Over-the-counter drugs

Over-the-counter drug means a drug that contains a label that identifies the product as a drug as required by Federal Regulations. For more information, see Fact Sheet 117F, Grooming and Hygiene Products.

Vitamins and minerals are not included in the definition of over-the-counter drugs. They are taxable as dietary supplements. For more information, see Fact Sheet 102E, Dietary Supplements.

Prosthetic devices

Sales and purchases of prosthetic devices are exempt from sales tax. A prosthetic device means a replacement, corrective, or supportive device, including repair and replacement parts, worn on or in the body to:

  • Artificially replace a missing portion of the body
  • Prevent or correct physical deformity or malfunction
  • Support a weak or deformed portion of the body

Examples include:

  • Braces
  • Crowns, bridges, and other implants
  • Dentures or artificial teeth

This exemption includes disposable or single patient use items used in conjunction with prosthetic devices. Before July 1, 2013, the disposable and single use items were taxable.
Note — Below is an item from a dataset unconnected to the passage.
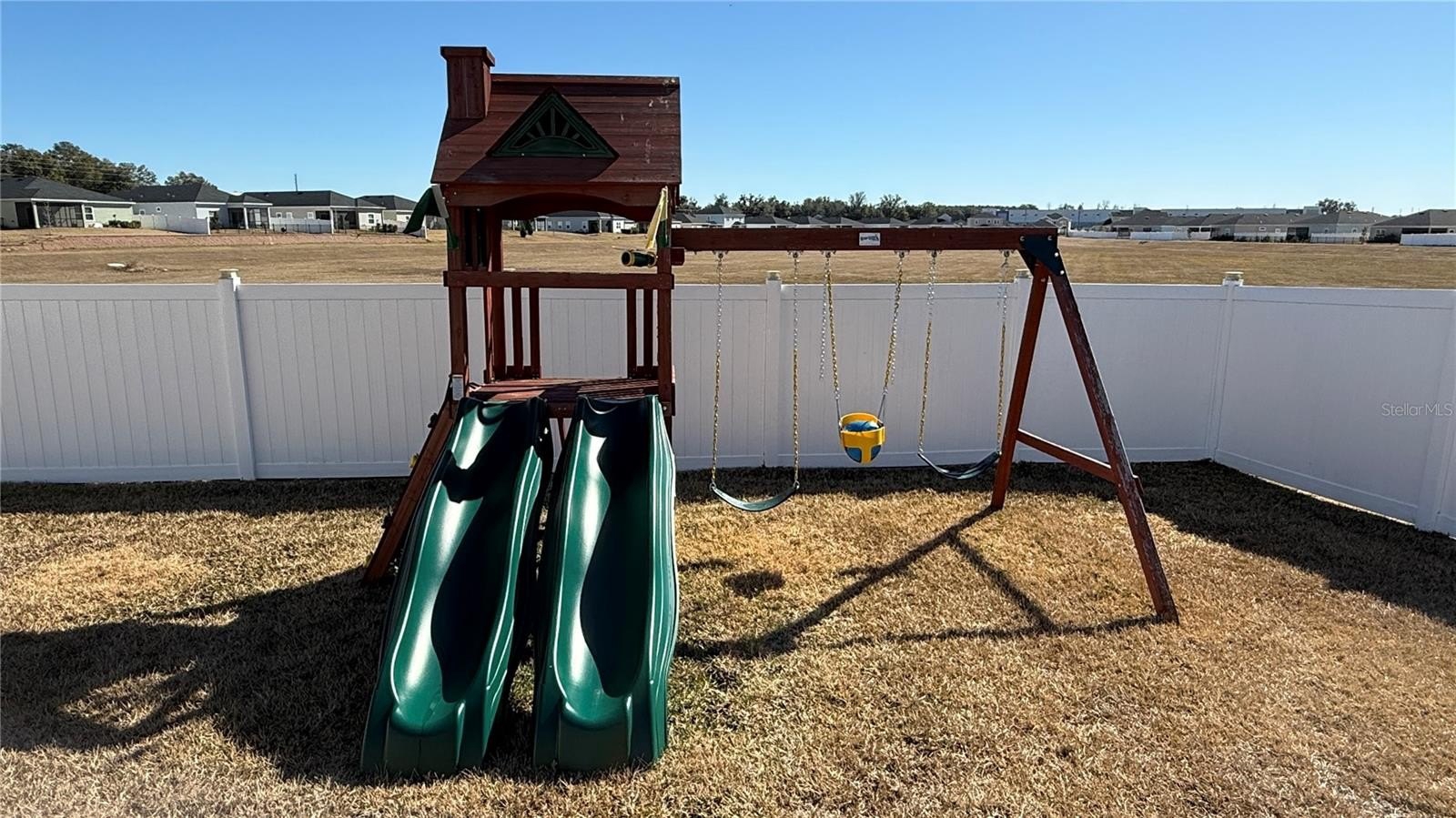 The fully fenced backyard offers privacy and peace of mind with a 6-foot vinyl fence topped with lighted caps. A built-in playset is already in place, making this backyard ideal for energetic children or future outdoor fun—with plenty of room to personalize the space.

For more information, see Fact Sheet 117D, Prosthetic Devices.

Medical records

Charges for copies of medical records are taxable, including any retrieval or scanning fees. This includes copies to the patient or insurance companies.

Records transferred electronically are not taxable, unless they include audio or audiovisual products. For more information, see Revenue Notice 98-23, Application of Tax to Copies and Fact Sheet 177, Digital Products.

Equipment sales

If you sell or lease equipment or other items that you used in your business, the sale may be taxable. For more information, see Fact Sheet 132, Isolated and Occasional Sales.

Local sales tax

Some cities and counties have local sales and use taxes. If you make sales into or are located in an area with a local tax, you may owe local sales or use tax. For more information, see Fact Sheet 164, Local Sales and Use Taxes.

To determine the sales tax rate, use the location where the product is received by the customer, typically your business or a delivery address. You can use our Sales Tax Rate Calculator to help you determine the sales tax rate.

Note: The rate calculator does not include special local taxes.